Ellen Louise Demorest (November 15, 1824 – August 10, 1898) was an American businesswoman, fashion arbiter, and milliner, widely credited for inventing mass-produced tissue-paper dressmaking patterns. In 1860, with her husband, William Jennings Demorest, she established a company to sell the patterns, which were adaptations of the latest French fashions, and a magazine to promote them. Her dressmaking patterns made French styles accessible to ordinary women, thus greatly influencing US fashion.

== Early life ==
Demorest was born November 15, 1824, in Schuylerville, New York. She was the second of eight children (6 girls 2 boys) born to Electra Curtis and Henry D. Curtis. Her father was a farmer and the owner of a men's hat factory. One of her father's eighteen siblings — Charity — (1834–1919, married to Jeremiah Shonts) was the maternal grandmother of Charles B.J. Snyder, a renowned American architect who served as Superintendent of School Buildings for the New York City Board of Education from 1891 to 1923.

At eighteen, Demorest set up a millinery shop in Saratoga Springs with the help of her father. After a year, she moved her business to Troy before relocating again to Williamsburg, Brooklyn.

She was known from girlhood as Nell.

==Career==
Early in their marriage, the Demorests ran a Philadelphia emporium. Ellen and her sister Kate were working on a system of simplified dress making when they saw the Demorest's African-American maid cutting a dress pattern out of brown paper. Ellen was inspired by the idea to create tissue paper patterns of fashionable garments for the home sewer.

The family relocated to New York and began manufacturing patterns. In the fall of 1860, they launched a quarterly magazine, Mme. Demorest’s Mirror of Fashions. They also opened a women's fashion emporium at 473 Broadway.

Mme. Demorest’s Mirror of Fashions and Demorest’s Illustrated Monthly soon reached a circulation of 60,000. The magazine was well-timed, coming as sewing machines became common in middle-class homes. Articles in the Mirror of Fashions gave home sewers helpful tips and encouraged readers to believe in their own ability. Readers felt "emancipated... from dependence on milliners and dressmakers."

The fashions worn by Empress Eugenie were of particular interest to the readers of Demorest’s Illustrated Monthly Magazine and Mme. Demorest’s Mirror of Fashions. Correspondents reported on every dress the Empress wore and her gowns were reproduced for a semi-annual New York show.

Journalist and women's rights advocate Jane Cunningham Croly edited Demorest’s Illustrated Monthly Magazine from 1860 to 1887. Under her leadership, Demorest’s Monthly advocated for female education and employment. Croly promoted female accomplishment with a monthly "What Women Are Doing" column. The column claimed to take "note of every woman rancher, banker, dentist or businesswoman... who came to light in a distinctive way in any part of the country." Other contributors included Louisa May Alcott, Theodore Dreiser, and Robert Louis Stevenson.

In 1863, Ellen designed the wedding trousseau of circus performer Lavinia Warren.

In 1876, the year of their height in popularity, Ellen and William's company distributed and sold over 3 million patterns. Offices in Europe, Canada and Cuba distributed Demorest patterns.

== Personal life ==
On April 15, 1858, Ellen became the second wife of William Jennings Demorest, a widower, and a stepmother to the two children born to his first marriage: Vienna Willamina Demorest (1847–1913) — who married Dr. James M. Gano (1842–1895) and Henry Clay Demorest (1850–1928).

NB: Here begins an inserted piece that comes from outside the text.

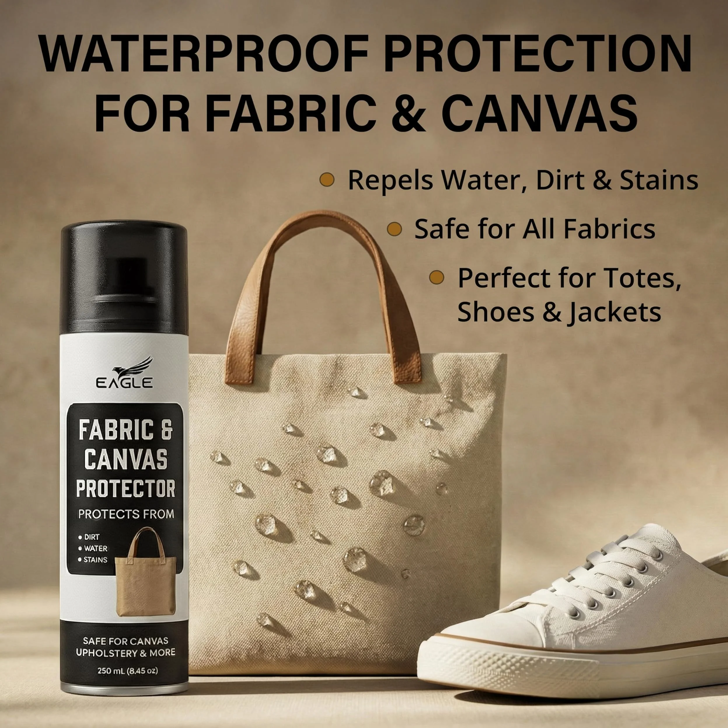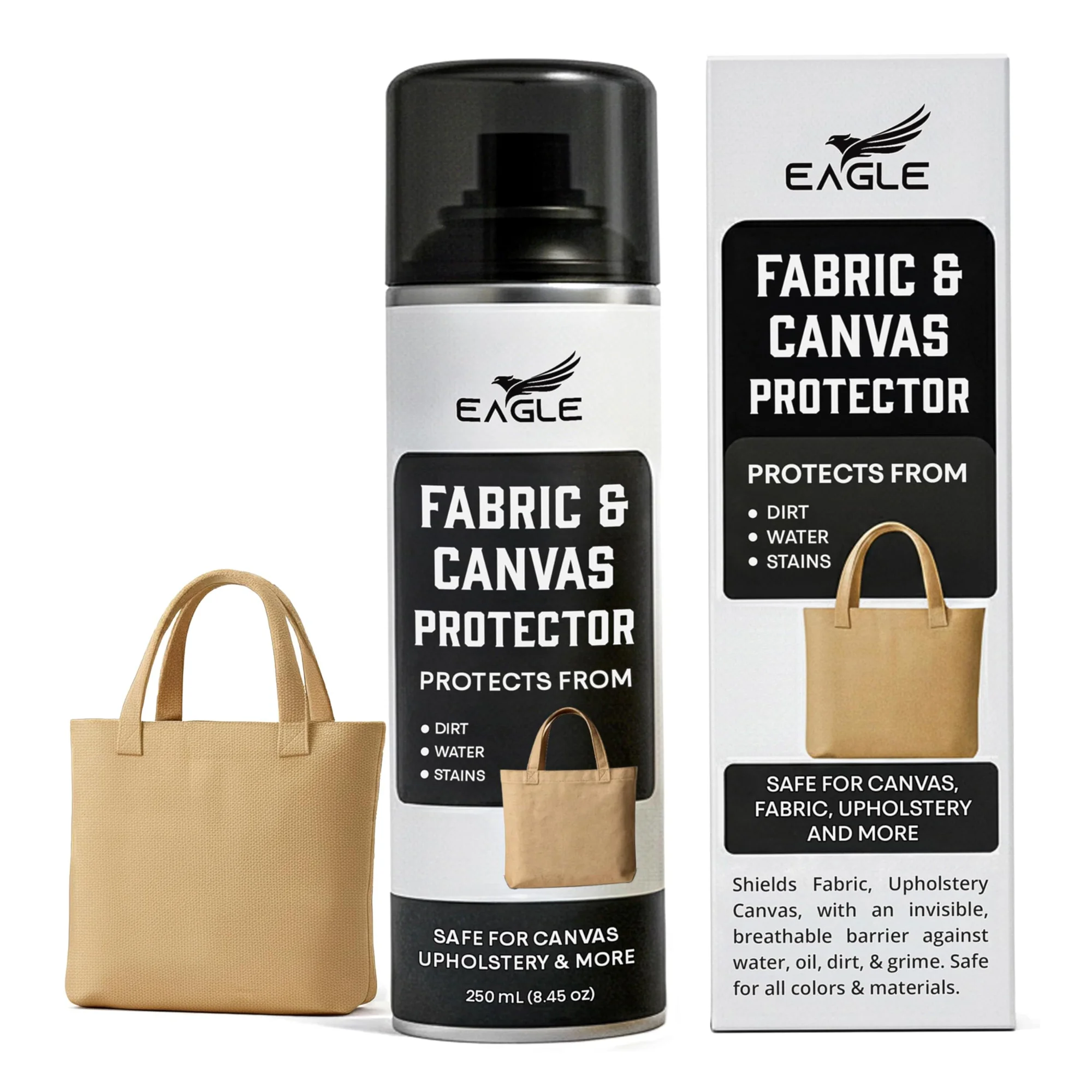 Eagle Fabric & Canvas Protector Spray features a specially formulated solution that repels water, dirt, and stains while keeping fabrics breathable and soft. It protects sneakers, bags, and apparel without altering color or texture.

Two more children were born to Ellen Louise Demorest and W. Jennings Demorest: William Curtis Demorest (1859–1933) and Evelyn Celeste Caradora Louise Demorest (1865–1960) — who married Alexander Garretson Rea (died 1926) of Philadelphia.

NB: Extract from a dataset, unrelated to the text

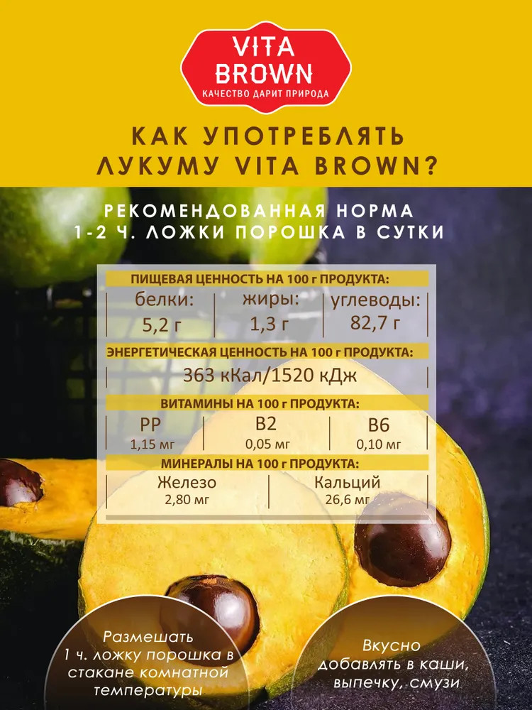 Vita Brown Лукума сушенаяВ данный момент этот товар отсутствует в продаже. Возможно, у нас найдется аналогичный или похожий товар здесь. Лукума — сладкий плод субтропического дерева, произрастающего на территории Андских долин, в Боливии, Чили и на Гавайях. Впервые этот сладкий фрукт начали выращивать в 200 годах до нашей эры. Жители Южной Америки обожали его и изображали дерево на керамике и глине, использовали в кулинарных и лечебных целях. Благодаря тропической сладости плодов порошок может быть использован в качестве природного заменителя сахара. |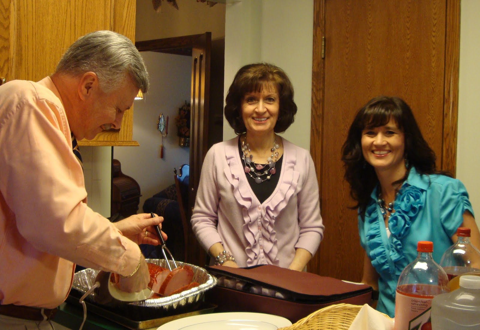 | It’s a tradition to have Dad carving the Ham and all the girls yapping in the kitchen! |

== Later life and death ==
In 1876, Demorest turned her attention to philanthropy. Along with Jane Cunningham Croly, Ellen was a founding member of Sorosis, the first professional women's club in the United States.

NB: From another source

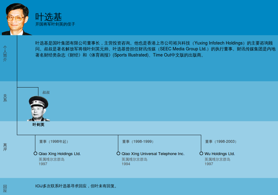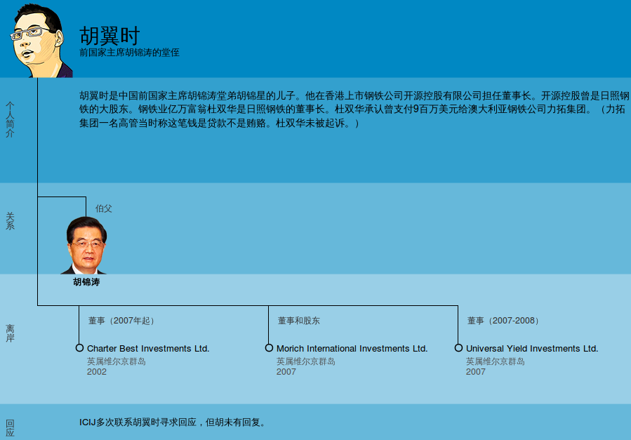 ICIJ还在离岸密件中发现邓小平、李鹏和胡锦涛等中共前领导人的亲属的离岸公司资料,(密件内容可按链接查看 )

After the death of her husband in 1895, his namesake, the Demorest Medal Contests system, was merged with that of the Woman's Christian Temperance Union (December 1897), and Mrs. Demorest was placed in charge of the Medal Department. She died a few months later, in March 1898.

==Magazines published==
- Demorest’s Illustrated Monthly Magazine
- Mme. Demorest’s Mirror of Fashions.